N methods of crawling Web resources Python3
1, the simplest
Import= Urllib.request.urlopen ('http://python.org/'= Response.read ()
2. Use Request
Import= urllib.request.Request ('http://python.org/'= = Response.read ()
3. Send data
#!/usr/bin/env Python3ImportUrllib.parseImportUrllib.requesturl='http://localhost/login.php'user_agent='mozilla/4.0 (compatible; MSIE 5.5; Windows NT)'Values= {'Act':'Login','Login[email]':'[email protected]','Login[password]':'123456'}data=Urllib.parse.urlencode (values) Req=urllib.request.Request (URL, data) Req.add_header ('Referer','http://www.python.org/') Response=Urllib.request.urlopen (req) the_page=Response.read ()Print(The_page.decode ("UTF8"))
4. Send data and headers
#!/usr/bin/env Python3ImportUrllib.parseImportUrllib.requesturl='http://localhost/login.php'user_agent='mozilla/4.0 (compatible; MSIE 5.5; Windows NT)'Values= {'Act':'Login','Login[email]':'[email protected]','Login[password]':'123456'}headers= {'user-agent': User_agent}data=Urllib.parse.urlencode (values) Req=urllib.request.Request (URL, data, headers) Response=Urllib.request.urlopen (req) the_page=Response.read ()Print(The_page.decode ("UTF8"))
5. HTTP Error
# !/usr/bin/env Python3 Import = urllib.request.Request (")try: Urllib.request.urlopen (req)except urllib.error.HTTPError as e:print( E.code)print(E.read ().
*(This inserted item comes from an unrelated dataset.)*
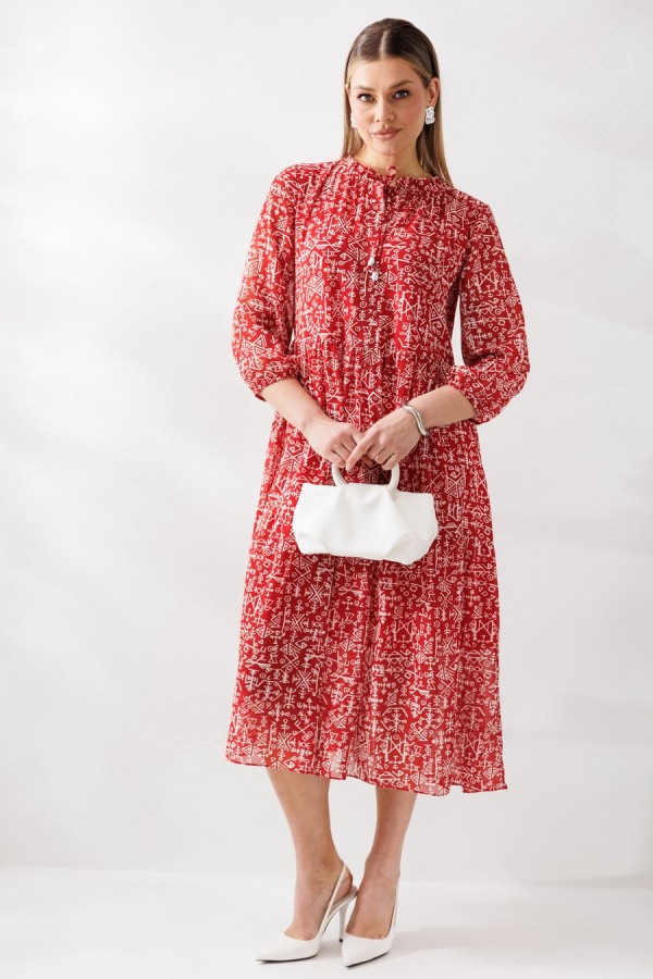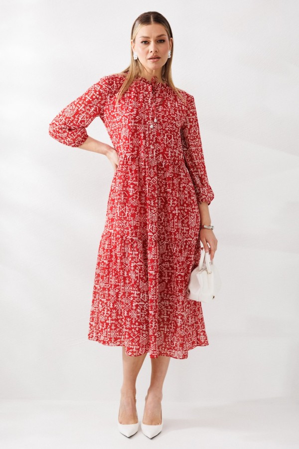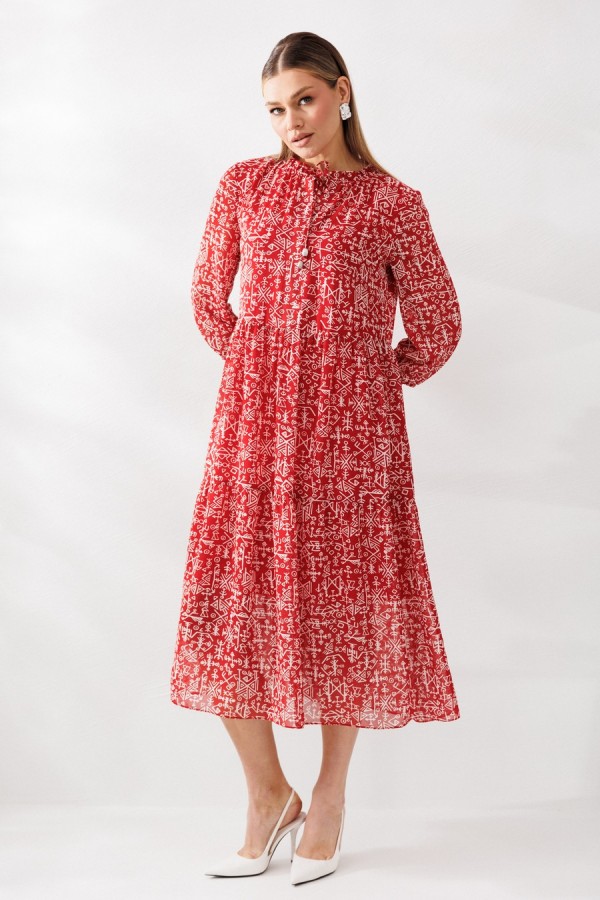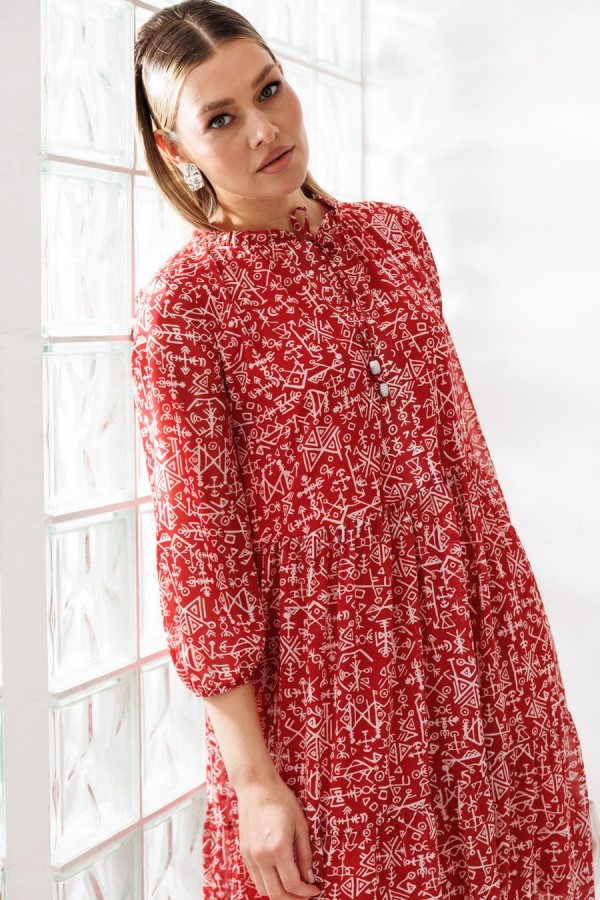 Платье отрезное чуть выше линии талии. Верхняя часть переда с V-образным вырезом и цельнокроеными планками. Горловина оформлена рюшей, присборенной резинкой. Горловина с завязками. По нижней части платья два ряда присборенных воланов. Рукава втачные, одношовные по низу присборены резинкой.

Decode ("UTF8"))
6. Exception Handling 1
#!/usr/bin/env Python3 fromUrllib.requestImportRequest, Urlopen fromUrllib.errorImportUrlerror, Httperrorreq= Request ("http://www.111cn.net/")Try: Response=Urlopen (req)exceptHttperror as E:Print('The server couldn'T fulfill the request.')Print('Error Code:', E.code)exceptUrlerror as E:Print('We failed to reach a server.')Print('Reason:', E.reason)Else:Print("good!")Print(Response.read (). Decode ("UTF8"))
7. Exception Handling 2
#!/usr/bin/env Python3 fromUrllib.requestImportRequest, Urlopen fromUrllib.errorImportUrlerrorreq= Request ("http://www.111cn.net/")Try: Response=Urlopen (req)exceptUrlerror as E:ifHasattr (E,'reason'):Print('We failed to reach a server.')Print('Reason:', E.reason)elifHasattr (E,'Code'):Print('The server couldn'T fulfill the request.')Print('Error Code:', E.code)Else:Print("good!")Print(Response.read (). Decode ("UTF8"))
8. HTTP Authentication
#!/usr/bin/env Python3Importurllib.request#Create a password managerPassword_mgr =Urllib.request.HTTPPasswordMgrWithDefaultRealm ()#ADD the username and password.#If We knew the realm, we could use it instead of None.Top_level_url ="https://www.111cn.net/"Password_mgr.add_password (None, Top_level_url,'Rekfan','xxxxxx') Handler=Urllib.request.HTTPBasicAuthHandler (password_mgr)#Create "opener" (Openerdirector instance)Opener =Urllib.request.build_opener (handler)#Use the opener to fetch a URLA_url ="https://www.111cn.net/"x=Opener.open (A_url)Print(X.read ())#Install the opener.#Now all calls to Urllib.request.urlopen with our opener.Urllib.request.install_opener (opener) a= Urllib.request.urlopen (A_url). Read (). Decode ('UTF8')Print(a)
9, the use of agents
#!/usr/bin/env Python3ImportUrllib.requestproxy_support= Urllib.request.ProxyHandler ({'Sock5':'localhost:1080'}) Opener=Urllib.request.build_opener (Proxy_support) Urllib.request.install_opener (opener) a= Urllib.request.urlopen ("http://www.111cn.net"). Read (). Decode ("UTF8")Print(a)
10. Timeout
#!/usr/bin/env Python3ImportSocketImporturllib.request#Timeout in secondsTimeout = 2socket.setdefaulttimeout (Timeout)#This call to Urllib.request.urlopen now uses the default timeout#We have a set in the socket modulereq = Urllib.request.Request ('http://www.111cn.net/') A=Urllib.request.urlopen (req). Read ()Print(a)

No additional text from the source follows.